Pero sí somos raros, no le quepa duda. Recuerde que después del festivo año 2000 en que “arribamos a la democracia”, echando del poder a golpe de votos, al PRI que se suponía todos detestábamos, el mismo electorado lo regresó al poder sin recapacitar en que era un poquitín a contrapelo de la conducta esperada de una sociedad que se sangró las comisuras de los labios contando las barrabasadas que hacía el partidazo; y así, con Quique Copete, retomó el poder el PRI, escandalizando a la comunidad entera de chimpancés del África central que nomás no entendieron qué nos pasa, porque no saben que somos así, raros.
Raros en muchas cosas. Veneramos a la madre y es nuestro insulto favorito; veneramos la virginidad pero las que defienden su estado himenal caen gordas, y al mismo tiempo decirle señora a cualquiera de la que no conste sea casada, es una gran majadería, de tal modo que es señorita toda aquella que no sea muy vieja; y hasta las viudas o divorciadas así sean abuelas varias veces, si están de buen ver, son señoritas. Y nos entendemos.
Raros repudiando con toda el alma la corrupción pero conviviendo con ella, diario, sin que a nadie espanten súbitas riquezas ni se intente hacer de carne humana la estatua de Robespierre ante cosas como los 12 mil millones evaporados en Segalmex ( ¡Oye, López!, le podríamos decir al autor de ¡Oye, Trump).
Somos raros, tanto que pudimos tener de presidente de la república al Chente, con claras muestras de tener atrofiada la conexión del cerebro con la lengua y hoy tenemos a otro víctima del mismo mal, que confiesa haber vivido sin trabajar 18 años -con 200 pesos-, y ha escrito más libros de los que ha leído.

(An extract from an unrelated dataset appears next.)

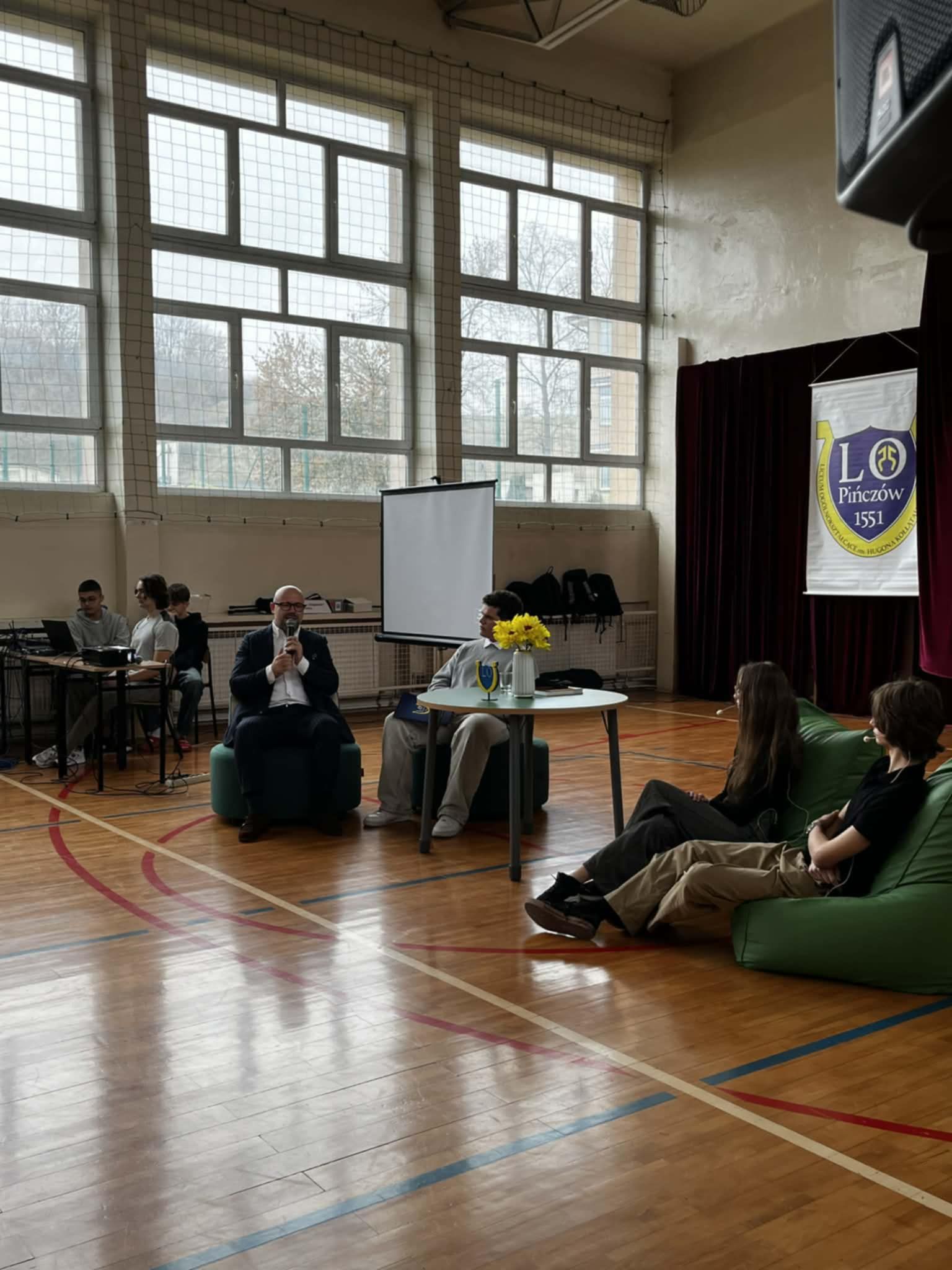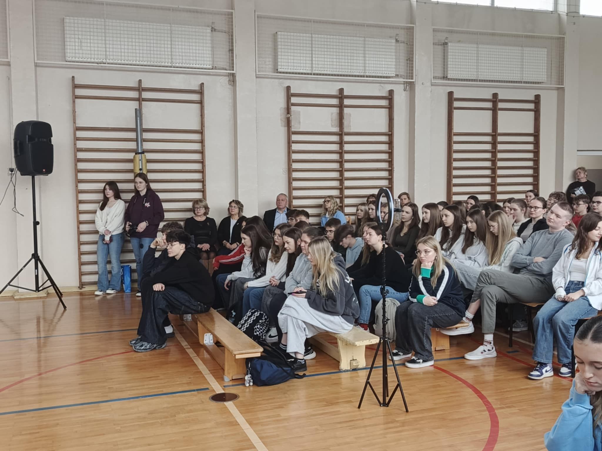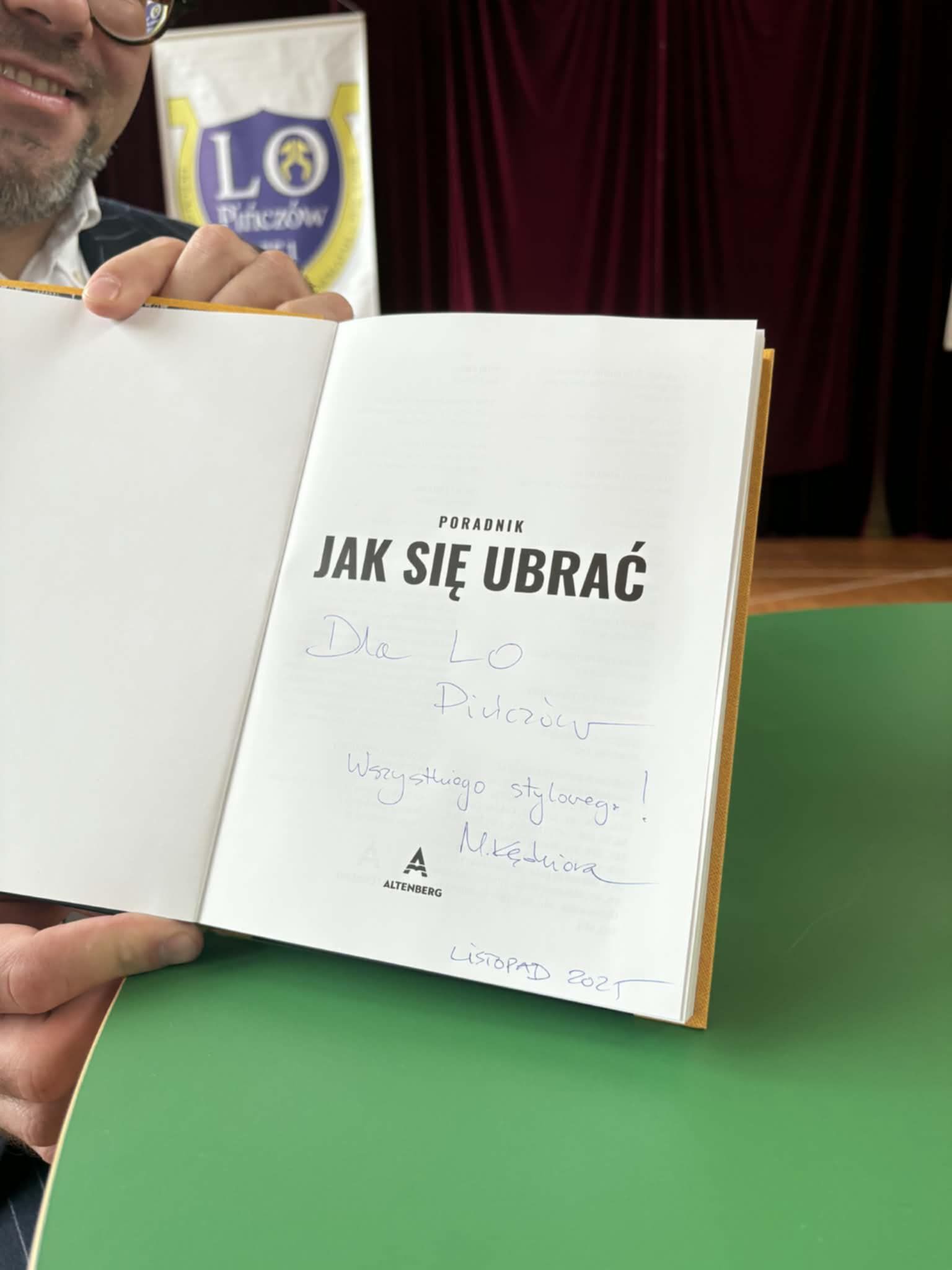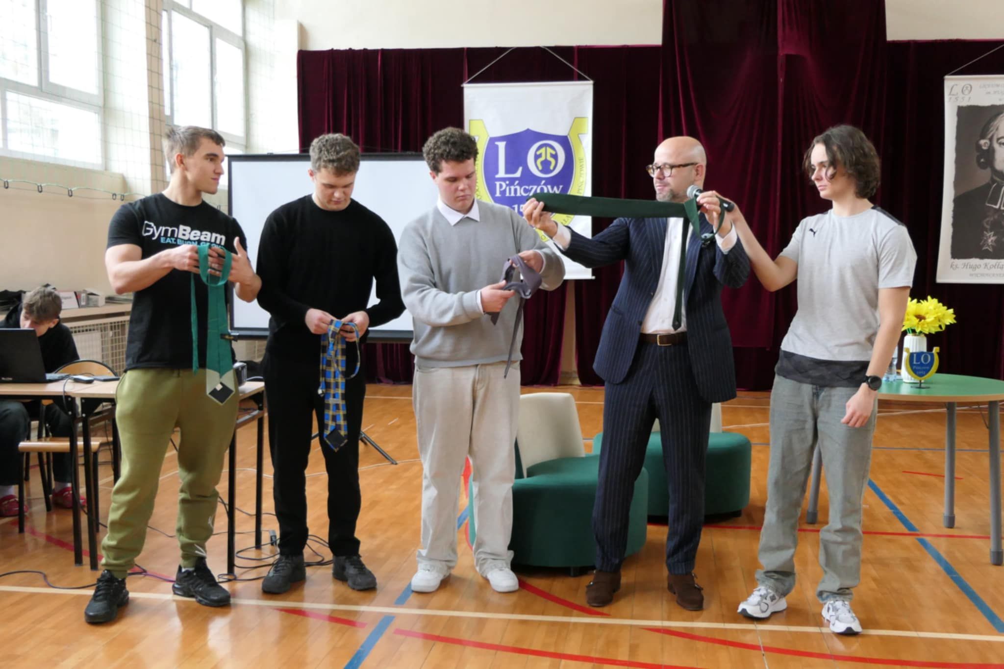 Gościa przywitał pan dyrektor Tomasz Pietrzykowski, natomiast spotkanie poprowadzili autorzy projektu: Maksymilian Kędzierski, Nela Pietrzykowska i Jan Kawiorski. W trakcie realizacji projektu byli oni także wspierani przez Natalię Młyńczak oraz Antoniego Michalskiego. Rozmowa dotyczyła ubraniowego savoir-vivre, związanego zarówno z ubiorem do szkoły, czyli jak na co dzień ubrać się wygodnie i estetycznie jednocześnie. Przede wszystkim jednak poruszano kwestię bardziej formalnych okazji, takich jak studniówka, osiemnastki czy uroczystości rodzinne. Pan Michał podzielił się wieloma praktycznymi wskazówkami, a także odpowiedział na liczne pytania uczniów zgromadzonych na sali. Opowiedział nie tylko o zasadach elegancji, ale także o swojej pracy i doświadczeniach z nią związanych. Dodatkową atrakcją była prezentacja jednej z technik wiązania krawata. Ta umiejętność z całą pewnością już niebawem przyda się naszym tegorocznym maturzystom przed studniówką i maturą. Podczas wydarzenia autorzy projektu podziękowali również jego patronowi, bez którego jego realizacja nie byłaby możliwa. Szczególne wyrazy wdzięczności kierujemy do ,,Stowarzyszenia Społeczno-Kulturalnego dla Ponidzia’’, reprezentowanego podczas spotkania przez panią Jadwigę Irlę oraz panią Grażynę Robak. Dziękujemy !![]()

Raros como para saber sin reclamos, que el gobierno paga pensión a un millón de viejos más de los que hay en el país, según censo oficial, lo que son tres mil millones de pesos al mes que alguien se embolsa sin que lo sepa, de ninguna manera, el que decía que el Presidente se entera de todo. (Y lo de ‘viejos’ no es grosería, eso de “tercera edad”, es un eufemismo insultante y sangrón)
Raros, rarísimos: generaciones educadas en que la expropiación petrolera era tan sagrada como la tilma de Juan Diego, sin que se moviera la hoja del árbol cuando en 2013 se canceló después de celebrar la comedia de una libre votación de diputados, senadores y congresos estatales, cosas las tres que ningún mexicano destetado creyó ni cree (y ahora tampoco con lo del Poder Judicial), pero ni un eructo de protesta (ahora sí, muchas protestas). Y hablando de la sacratísima, la intocable, la venerada tilma de Juan Diego, dígame si no somos raros: no hubo quien en 1996 le mentara la madre al tal monseñor Schulenburg, abad de la basílica de Guadalupe, cuando ya para entregar el cargo, después de embolsarse 33 años las limosnas del respetable, muy campante declaró que no, que por supuesto no era cierto lo de las apariciones.
Y mejor declararnos raros, porque si no, resultaría que somos eso que rima con conejos, tontos pues, o tal vez, solo es que es todo nos importa un pito.